DNS based Website Failover Solutions?
Chase asks: "I run a couple of websites(including for my work). I'd like to have a backup web server that people would hit when my server goes down. My primary host is on my companies T1 line and even though I've had my server die once the most common reason for my sites to be offline is that our T1 goes down. I've looked at the High-Availability Linux Project but it seems that almost everything there is for failover using ip takeover which isn't an option if my network link dies and my backup server is on a different network. ZoneEdit seems to offer what I'm looking for but I'm wanting a do it myself solution. The only software I've found is Eddie and it seems to have stopped development around 2000. I know DNS based failover doesn't give 100% uptime but with a low cache time and decent monitoring it seems like it's the best solution for having my backup server at a differnt location and on a differnt network. Anyone know of a good solution? (Using Linux and/or Solaris hosts)"
Dyndns.org offers free DNS services for dynamic ip addresses. They also offer a fee service that allows you to use your own domain name. Why not set it up with them? If your web server is unreachable by the other server, it will send a dyndns update query with the new address. Just a thought. -P
If I understand you correctly you you are looking for a F/OSS project to do what you are after.
However if you do actaully have a budget to spend have a look at the 3DNS product from F5 Networks. it does the failover you describe and although it works better if it is intereacting with F5's server load balancing product, it can still monitor and react to standard web servers becoming unavailable.
The Romans didn't find algebra very challenging, because X was always 10
If your T1 is down tht often I'd change providers. My T1 has been 'slow' once in the past year with 1 outage that lasted for about an hour when we first installed it.
/* oops I accidentally made a comment, sorry */
1. Use colocation/Web hosting as the primary site. Their uptimes are usually very strong.
2. You will need a second line. Mandatory. If you really want insane uptime, you'll need dynamic routes ala BGP from both ISP's. If you don't need that much, you could maybe work with an automated probe-and-dnsupdate script which can run outside the network. It would switch the primary DNS to and from the backup IP address which is on the isolated network.
3. Have an equalized DNS entry for both IP addresses. It gives the client a 50% chance of connecting once its dead, but its better than nothing.
4. Tell the site visitors to connect to www1.mysite.com if they're having troubles reaching your site and have www1 pointing to your backup IP. Make sure your DNS servers are network redudant as well, or the whole excersize is pretty pointless.
Bye!
More information here.
Read all about IP take over and distributing server load as sample chapter of O'Reilly's Linux Server Hacks.
Don't know if it works for your setup.
My favorite quote:
If you serve a particularly popular site, you will eventually find the wall at which your server simply can't serve any more requests.

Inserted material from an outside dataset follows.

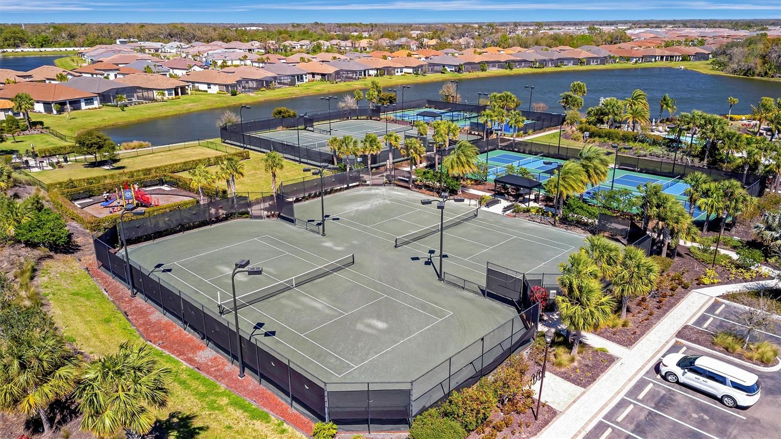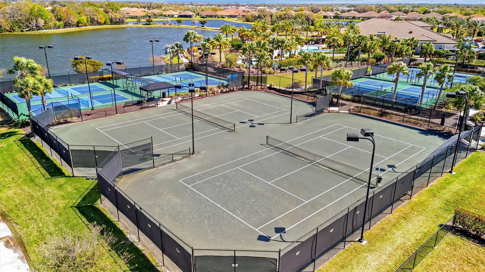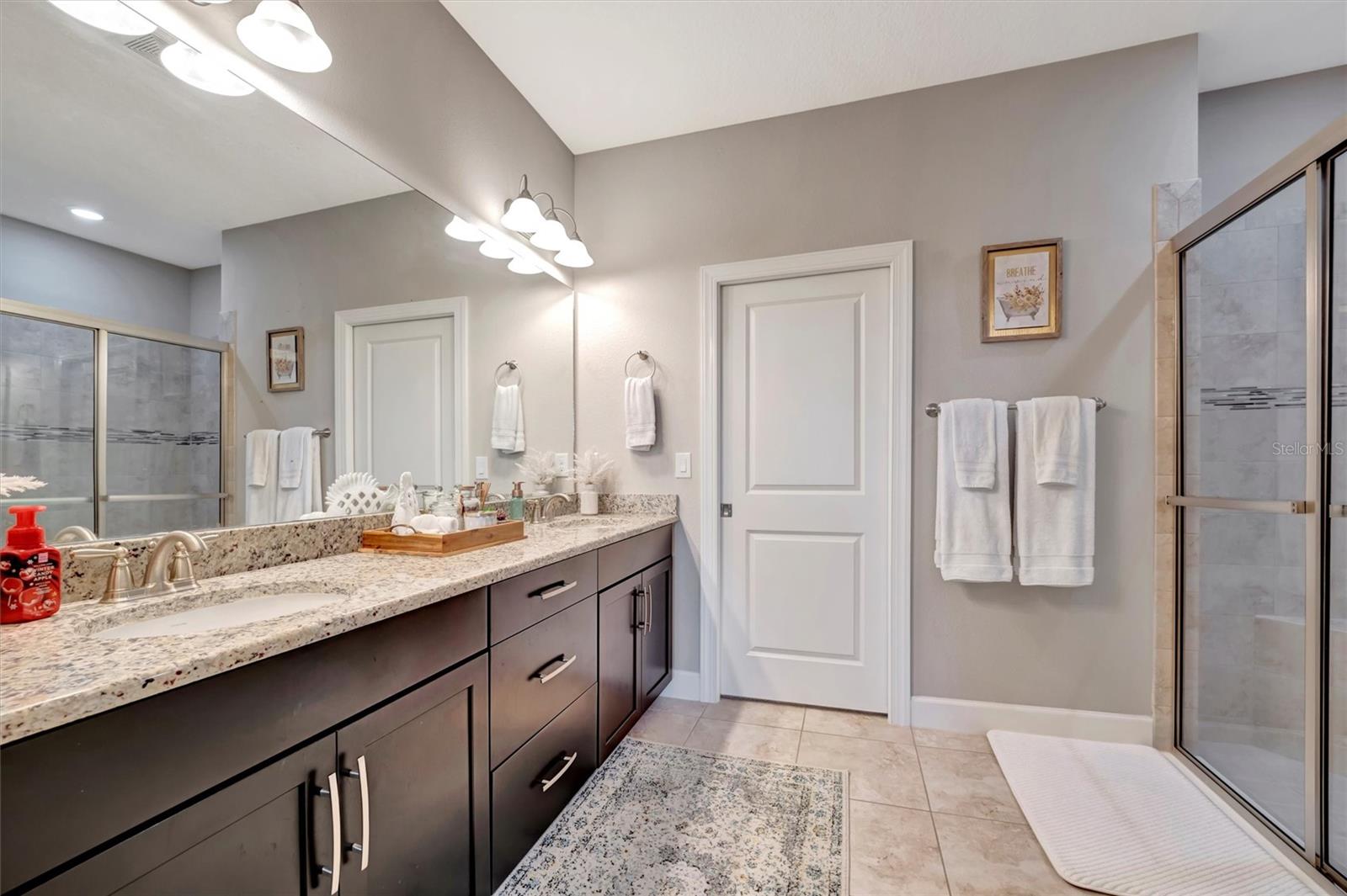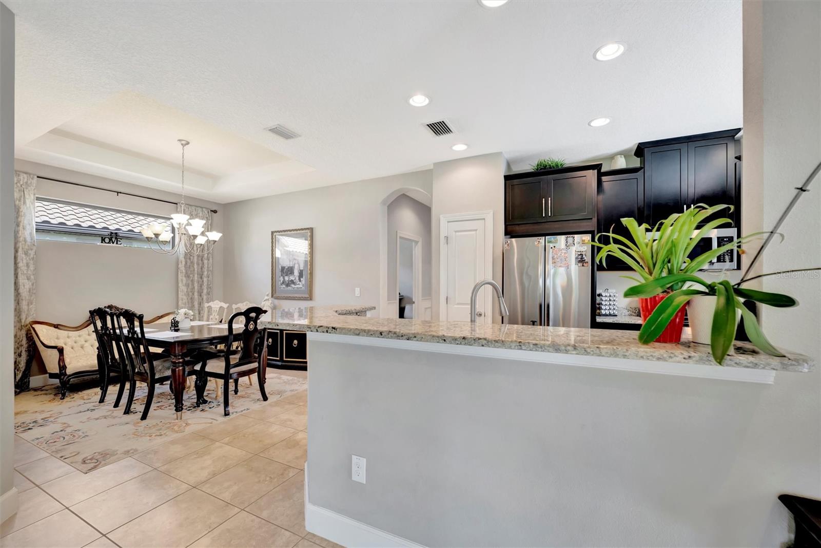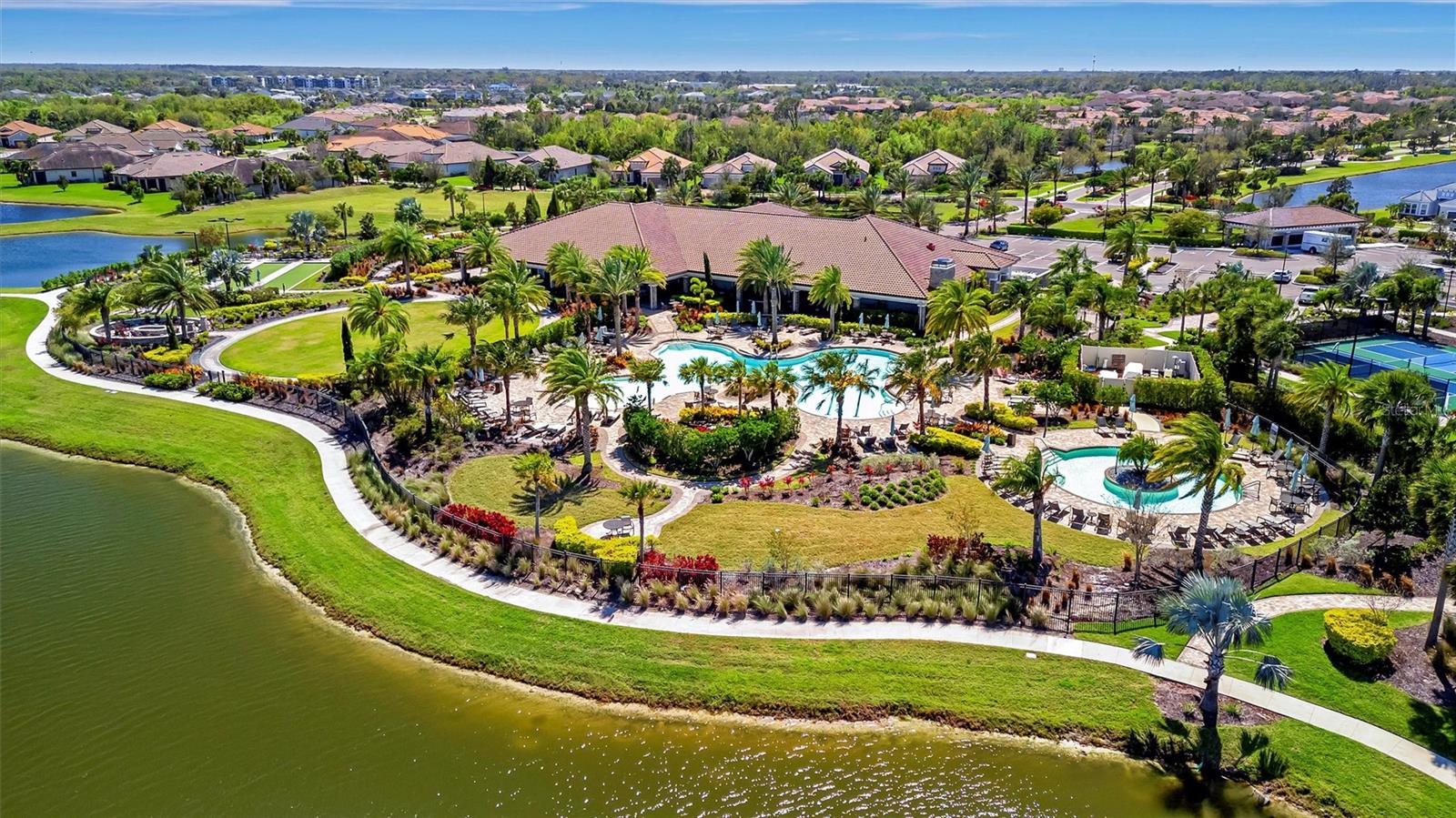 Great value in Esplanade at Artisan Lakes! This well-maintained residence is located on a quiet cul-de-sac. This charming home includes 2 bedrooms, a den (which could be converted to a third bedroom), and 2 bathrooms, with a comfortable, open-concept layout featuring tray ceilings and plenty of natural light. The spacious living area flows naturally into the kitchen, complete with granite countertops, breakfast bar seating, and upgraded cabinetry. There's also a separate dining area for casual or formal meals. The primary bedroom suite is bright and comfortable, featuring a large walk-in shower, dual granite vanities, a roomy walk-in closet, and pleasant views of the backyard. Guests will appreciate the privacy of the second bedroom, which includes its own bathroom and a walk-in closet. The home also includes a versatile den perfect for a home office or cozy relaxation space. Enjoy Florida weather from the oversized screened lanai, accessible through sliding glass doors that lead to the backyard—perfect for relaxation or entertaining. Additional conveniences include a laundry room with ample storage, tile floors in the main areas, and a two-car garage. Esplanade at Artisan Lakes offers excellent amenities including a heated community pool and spa, tennis and pickleball courts, bocce ball, basketball, soccer, and tennis tournaments, a community café, massages, spa events, fitness classes, and wellness activities. HOA fees conveniently cover lawn maintenance, cable, and internet. Artisan Lakes is ideally located with easy access to shopping, restaurants, healthcare facilities, Ellenton Outlets, and major highways, allowing quick travel to Sarasota, St. Petersburg, and Tampa, each within about a 30-minute drive. Don't miss this wonderful opportunity—schedule a showing today!

In the web server world, this is called the Slashdot effect, and it isn't a pretty site (er, sight)
Ignoring the fact that DNS wasn't designed to handle this (setting your ttl to a low time (e.g., 5min) generates a good amount of useless traffic when your site is up), here is how you might do it:
First, you need to have a monitoring system on the Internet somewhere, not through your T1 because if that goes down it won't be able to update your DNS. You have that already, I'm sure, to test your web site accessibility from the Internet. Of course, at least one of your name servers must be accessible when the T1 goes down too, so that will have to be somewhere (other than on your T1) on the Internet as well.
On this name server enable dynamic updates. Modify your monitor system that checks availability of your site to use Net::DNS to update the IP address of your web server when the monitor fails.

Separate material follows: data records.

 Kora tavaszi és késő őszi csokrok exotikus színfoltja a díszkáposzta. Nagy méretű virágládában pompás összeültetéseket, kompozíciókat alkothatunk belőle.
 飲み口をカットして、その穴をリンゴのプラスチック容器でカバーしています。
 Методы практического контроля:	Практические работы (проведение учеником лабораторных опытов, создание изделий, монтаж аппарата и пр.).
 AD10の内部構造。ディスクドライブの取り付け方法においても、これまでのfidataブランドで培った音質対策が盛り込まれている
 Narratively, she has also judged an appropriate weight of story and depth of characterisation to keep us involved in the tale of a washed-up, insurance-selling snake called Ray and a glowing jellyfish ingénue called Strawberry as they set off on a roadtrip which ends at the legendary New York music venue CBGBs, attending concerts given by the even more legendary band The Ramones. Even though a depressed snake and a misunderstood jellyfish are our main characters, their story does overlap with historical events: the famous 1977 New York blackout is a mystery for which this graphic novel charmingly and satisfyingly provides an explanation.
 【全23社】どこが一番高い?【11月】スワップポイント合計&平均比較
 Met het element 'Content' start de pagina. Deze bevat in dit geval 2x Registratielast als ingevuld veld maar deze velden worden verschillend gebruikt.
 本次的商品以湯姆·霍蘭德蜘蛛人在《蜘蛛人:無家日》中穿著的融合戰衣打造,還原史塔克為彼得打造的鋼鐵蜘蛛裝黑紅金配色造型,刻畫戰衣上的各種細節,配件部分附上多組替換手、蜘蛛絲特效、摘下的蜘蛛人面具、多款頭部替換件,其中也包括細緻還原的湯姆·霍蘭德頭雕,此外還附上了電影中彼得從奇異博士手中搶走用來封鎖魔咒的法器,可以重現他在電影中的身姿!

Going all open source, I'd use Net::DNS and nagios for the monitoring software, bind for the name server (which supports dynamic updates), with Linux as the OS.

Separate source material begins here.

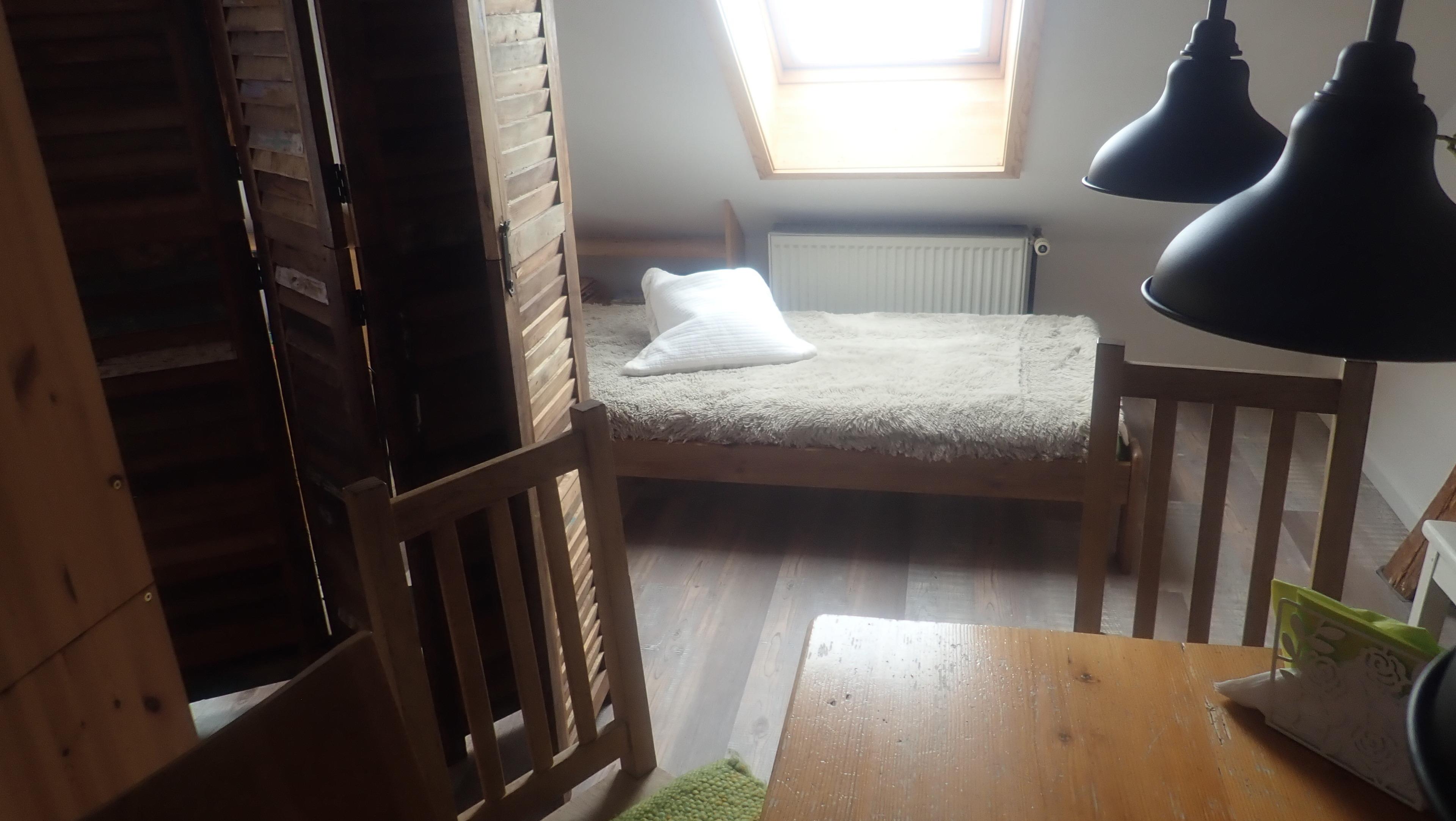 Treppenleiter, zwei neue Futons, Lampe, Sicherheitsnetz - schlafen wie im Zelt! (nur für Kinder über sechs oder sportliche Erwachsene)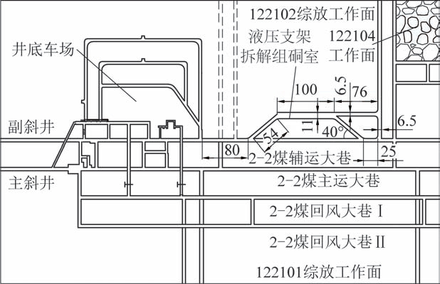 图1 液压支架拆解组装硐室平面布置

First thing you need to do if decide what kind of downtime is acceptable. 5 seconds, minutes, hours?
:)
Then you need to look at your services you're offering from your website, is it all static, session-based or what?
Combine the two to figure out how much your downtime is going to actually cost you. For example, if my personal site, which is static, is down for 5 hours the only person who is going to really care is me. And I don't pay myself much.
Flipside, on an ecommerce site with shopping cart, that 5 minutes of downtime could cost a lot of lost sales.
In otherwords, your redundancy plan should match how much you think you'll lose if Bad Things Happen.
Now, you're on a T1 with some personal stuff, let's assume 5 minutes is fine, money lost is minimal, but any more time will be irritating. Your content is static. Here's a cheap DIY solution and yes it's DNS based.
Setup identical webservers on seperate networks. Have those servers also be the nameservers for the website in question. Configure each webserver to only answer an A query as itself. The ttl for the A record needs to be low (5-10 minutes). Now, if one of the servers/networks goes down, clients can only resolve DNS by reaching a server; server down, can't query it, they'll hit the other server.
This method has some downsides, as mentioned bandwidth usage will be higher as more DNS queries will be made. Session-based stuff also won't work, no guarantee which server any given request will hit.
Anything is possible given time and money.
The site is distributed on 4 web servers : 3 on ADSL lines, one on SourceForge. I use 3 independant DNS to announce the web site. On each DNS I also run NAGIOS to monitor each web site. When one of the web site goes down (or up) a special handler (in perl) is called by NAGIOS and dynamicaly update the DNS entry
see global Load balancing for more details and code examples (in french only, but I am working on an English translation).
I set up the DNS TTL to 300 seconds, and NAGIOS can detect a state change in 2 or 3 minutes. So I can have global fail over in less than 10mn.
I have the system running for some month, and it works very well.
It's a king of "poor man's" akamai.
Most registrars will provide you the ability to run at least 2, and usually more name servers (I think 6 is the limit). By using this fact, and the the fact that a client will request dns and use the first authoritive response it gets we can impliment something like the following.
:
Colocation facility 1 machine gets named "DNS1.domain.com" and is a reverse proxy to your real site. Colocation facility 2 machine gets named "DNS2.domain.com" and is also a reverse proxy to your real site. Add cache content sharing between these two servers for extra availability.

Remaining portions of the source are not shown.